24. De plus, le requérant a été associé à la procédure et rien dans le dossier n’indique que ses demandes de preuves ou ses objections à la manière dont les actes de procédure ont été réalisés ont été ignorées par les autorités (paragraphes 8 et 10 ci-dessus ; voir, mutatis mutandis, Giuliani et Gaggio c. Italie [GC], no 23458/02, § 303, CEDH 2011 (extraits), avec les références citées).
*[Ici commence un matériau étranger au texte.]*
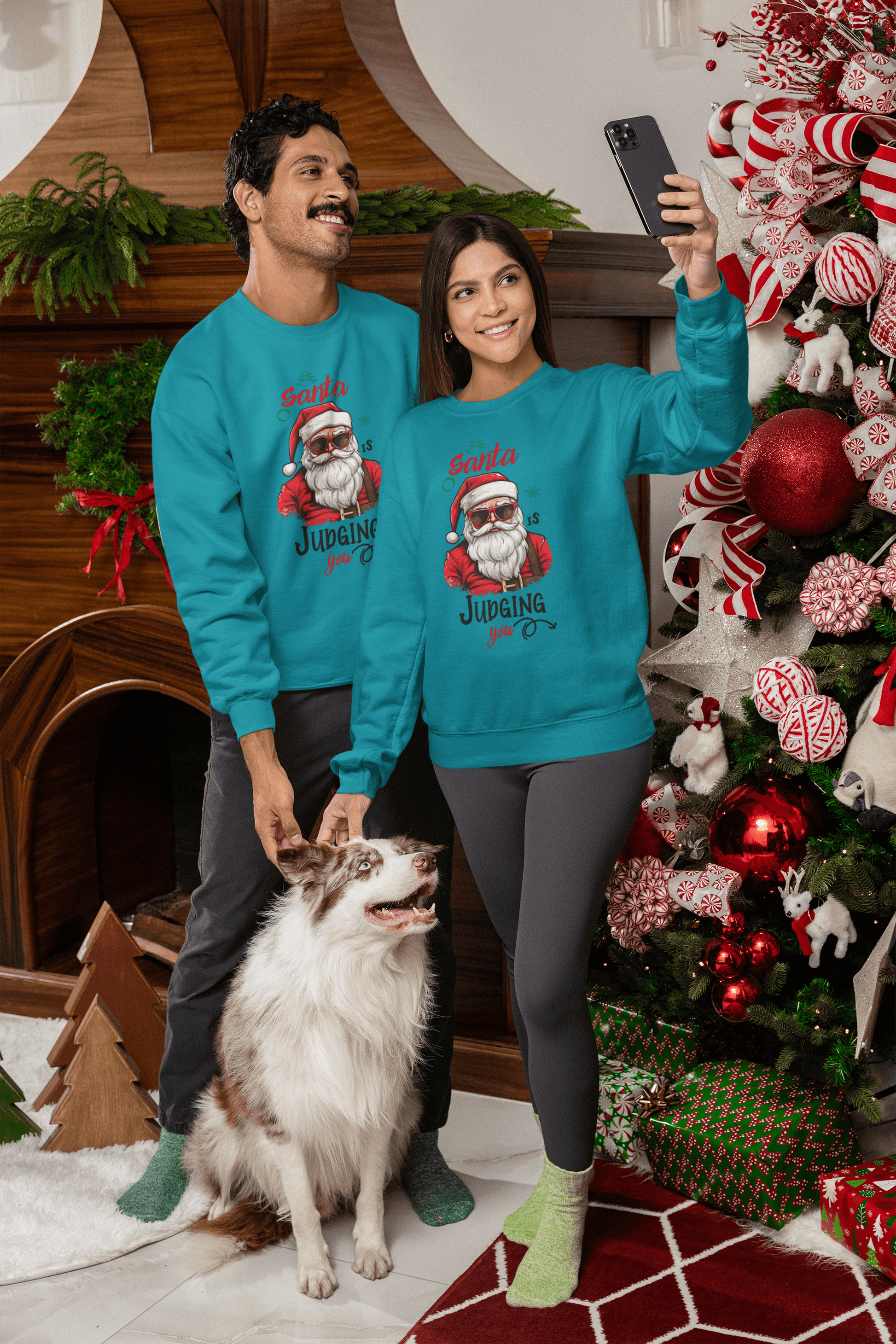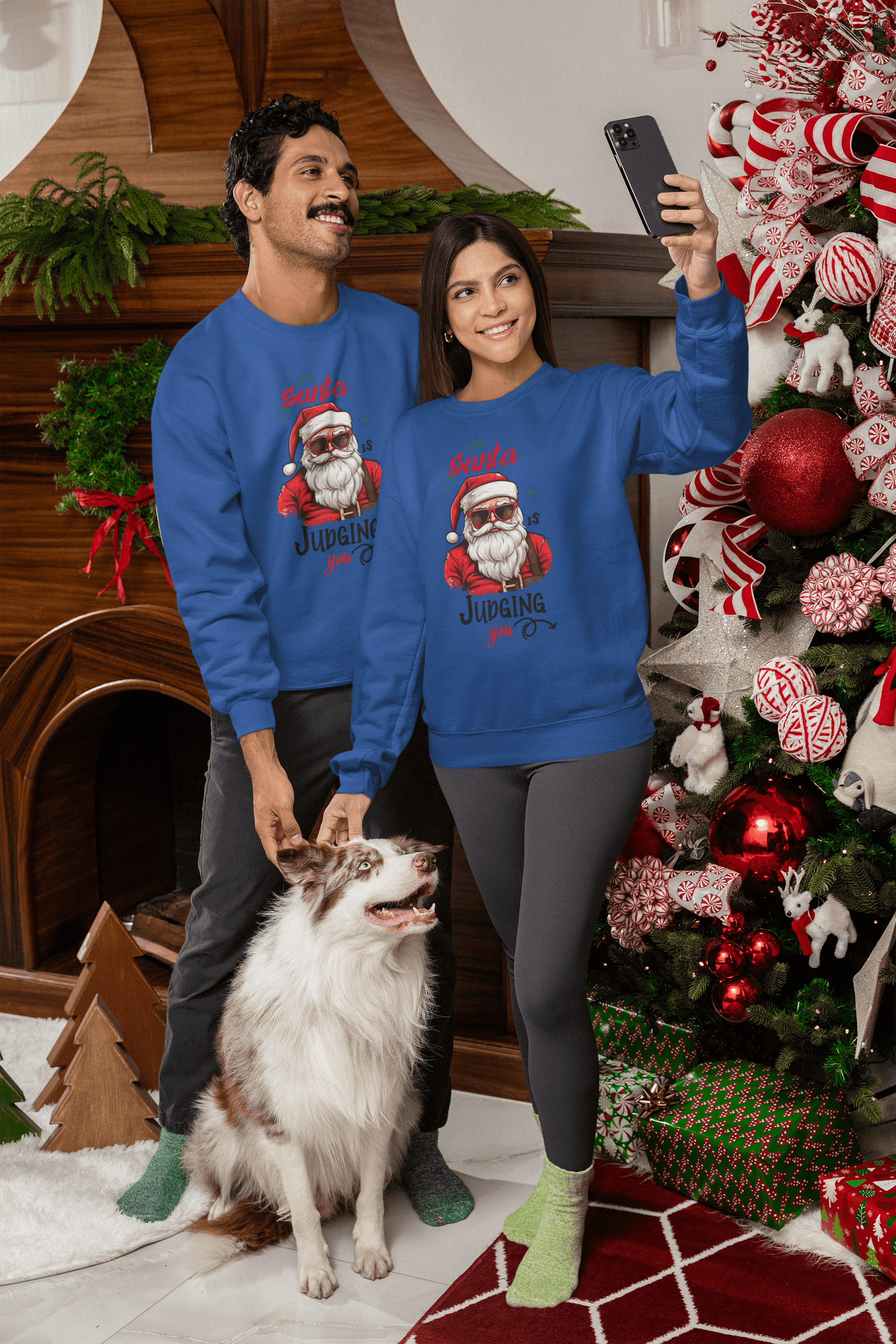 Stay on your best behavior with this sassy and stylish "Santa is Judging You" Sweatshirt! Featuring a cool, sunglasses-wearing Santa ready to size up your naughty or nice status, this design adds a fun twist to the traditional holiday look. Perfect for those who love a little cheeky humor with their Christmas cheer, this sweatshirt is a great pick for holiday parties, gift exchanges, or just letting everyone know Santa’s got his eye on them. Comfortable, festive, and full of attitude, this sweatshirt is a must-have for the season!

25. S’agissant de la procédure disciplinaire, la Cour note que sa portée a été limitée (paragraphe 13 ci-dessus). Toutefois, dans les circonstances de l’espèce, elle estime que ce défaut n’est pas imputable aux autorités.

26. Dès lors, la Cour conclut que les autorités nationales ont mené une enquête pénale effective. Elle a permis d’identifier les causes du décès et d’écarter la thèse de la négligence médicale grave et sa durée n’a pas nui à son effectivité. L’absence d’une issue favorable au requérant ne peut pas en elle-même conduire à la conclusion que l’État défendeur a failli à l’obligation positive qui lui incombe au titre de l’article 2 de la Convention (Lopes de Sousa Fernandes, précité, § 221).

27. Il s’ensuit que la requête doit être rejetée en application de l’article 35 § 4 de la Convention.

Par ces motifs, la Cour, à l’unanimité,

Déclare la requête irrecevable.

Fait en français puis communiqué par écrit le 15 décembre 2022.